Integrity is the most important problem in INFOSEC. In both government and criminal forensics, I've often worried about tampering with data. Courts usually assume this isn't the case. The government might too for most systems. The exceptions that check provenance and integrity are mostly used by intelligence agencies. So, the problem still stands, it certainly merits consideration in a TLA, and I don't think the INFOSEC field has done enough to address it.

@ Ntk

"Here's an idea: encrypt documents with a key, distribute the key to those who have a need to know. Too simple? Why wouldn't it work?"

An insecure underlying system...
Governments' many stringent rules about processing classified information...
Revocation...
Tracking of distribution to others...
Foreign interoperability...
Conflicting certification standards...
Compatibility with existing tech standards...
Vendor-neutral purchasing policies with vendor-chosen tech...

There are so many things preventing simple solutions to the DOD's problems. DOD is extremely complicated in many ways. This means solutions to its larger problems are often complicated as well.

DOD operations just need a total redesign and reboot...

AndyAugust 29, 2013 4:36 PM

I didn't think that anybody thought that there'd never been another leak. Secret services have never worked on the assumption that there'd be absolutely no switching sides and double agents. That NSA have no idea of what Snowden took is probably disinformation.
Would the disinformation theory not be adding insult to injury, kind of shooting your foot for good measure, while the wound from someone else shotgunning your kneecaps is still bleeding? What / where would be the benefit for the NSA to misinform on this issue?

Also all the tactics and procedures regarding possible double agents and how to prevent / locate / deal with them might have got stuck somewhere in the analog age after the cold war ended. This was a time when paper files contained the juicy bits and decent vaults for locking them where the hurdle to overcome in acquiring them. But maybe I am off base here with my assumptions.

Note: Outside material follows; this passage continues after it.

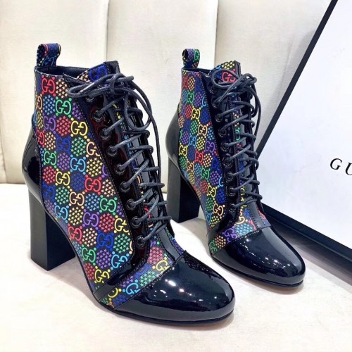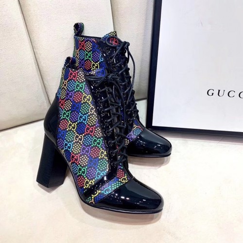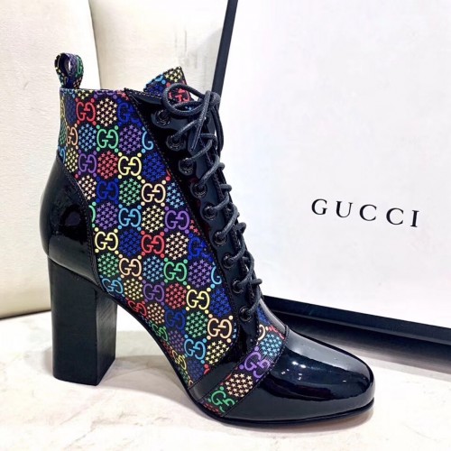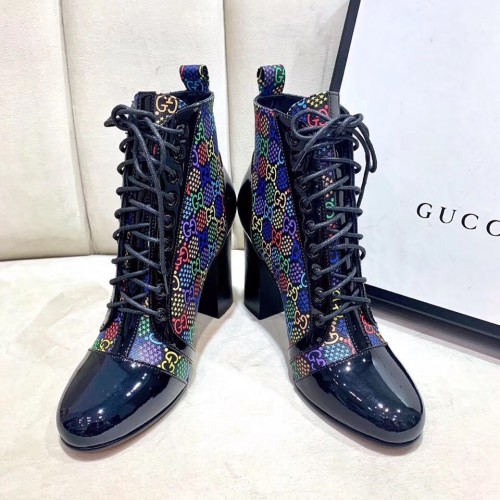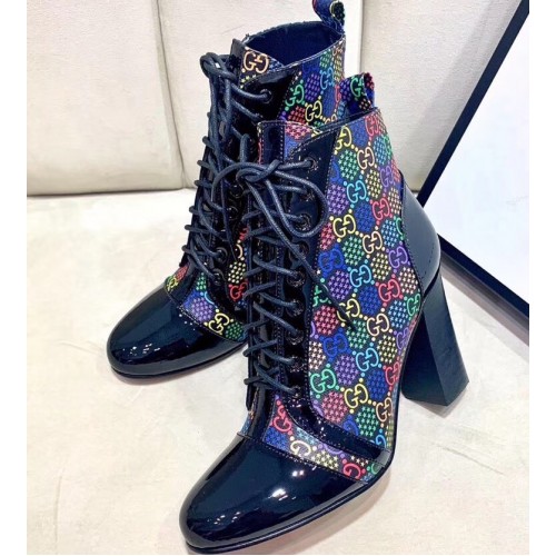 Gucci Patent Black Lace-up Ankle Boots GG Multicolor Stars 2019

NobodyspecialAugust 29, 2013 4:38 PM

You outsource your IT system to the cheapest bidder, they hire subcontractors who know they will be fired the moment it is more profitable to do so and it's all run by career politicians who everybody despises.
And yet everybody assumes that a WWII Bletchley park, take the secrets to the grave, attitude would be the default ?

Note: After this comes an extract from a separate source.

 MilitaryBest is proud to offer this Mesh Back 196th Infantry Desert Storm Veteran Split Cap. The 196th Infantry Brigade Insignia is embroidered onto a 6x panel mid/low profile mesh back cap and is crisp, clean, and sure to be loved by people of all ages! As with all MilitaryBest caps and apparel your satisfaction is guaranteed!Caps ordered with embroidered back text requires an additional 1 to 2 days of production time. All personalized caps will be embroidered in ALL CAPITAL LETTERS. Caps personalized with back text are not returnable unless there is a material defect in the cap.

Chilling EffectAugust 29, 2013 5:02 PM

There seems to be an intense competition between the NSA and the TSA to earn the most distrust and enmity of the American public. Although the TSA has a head start and the advantage of public visibility, the NSA may now be winning. If they can't keep track of their contractors' activities and ensure the security of their own documents and data, how can we possibly trust them to locate foreign terrorist plots while protecting the privacy of Americans? I doubt that even the TSA's Goebbels-award-winning propaganda master could prevaricate, distort, and obfuscate away this looming PR disaster.

KorayAugust 29, 2013 5:17 PM

@Andy

I couldn't know what the benefit for the NSA would be. "Do you know what he took?" is not a question that one should expect an answer to from the NSA. At least an honest answer.

Publicizing his "brilliant" feats at defeating access control may even be an attempt to save face. "We don't suck at chess; we just lost to Kasparov." Also, let's talk more about "Snowden, the man" and not about other things.

They'll later tell us that people like him will no longer be a problem due to a new "insider threat detection program" (similar to existing successful programs such as the "future hall-of-fame athlete", "math prodigy" and "fortune 500 CEO" programs).

They're not stupid. The masses are.

MingoVAugust 29, 2013 6:07 PM

"... it's a reasonable assumption that the previous leakers were working for..."

... other agencies of the federal government: FBI, CIA, DIA, etc.

EHAugust 29, 2013 7:12 PM

Yeah, well, this "brilliant" guy is the same person they called a high-school dropout low-level admin when the stories first broke.

GweihirAugust 29, 2013 8:00 PM

@EH: Well, that is a classic: If it turns out that you are significantly more stupid than the person that successfully attacked you, then he _must_ be a genius!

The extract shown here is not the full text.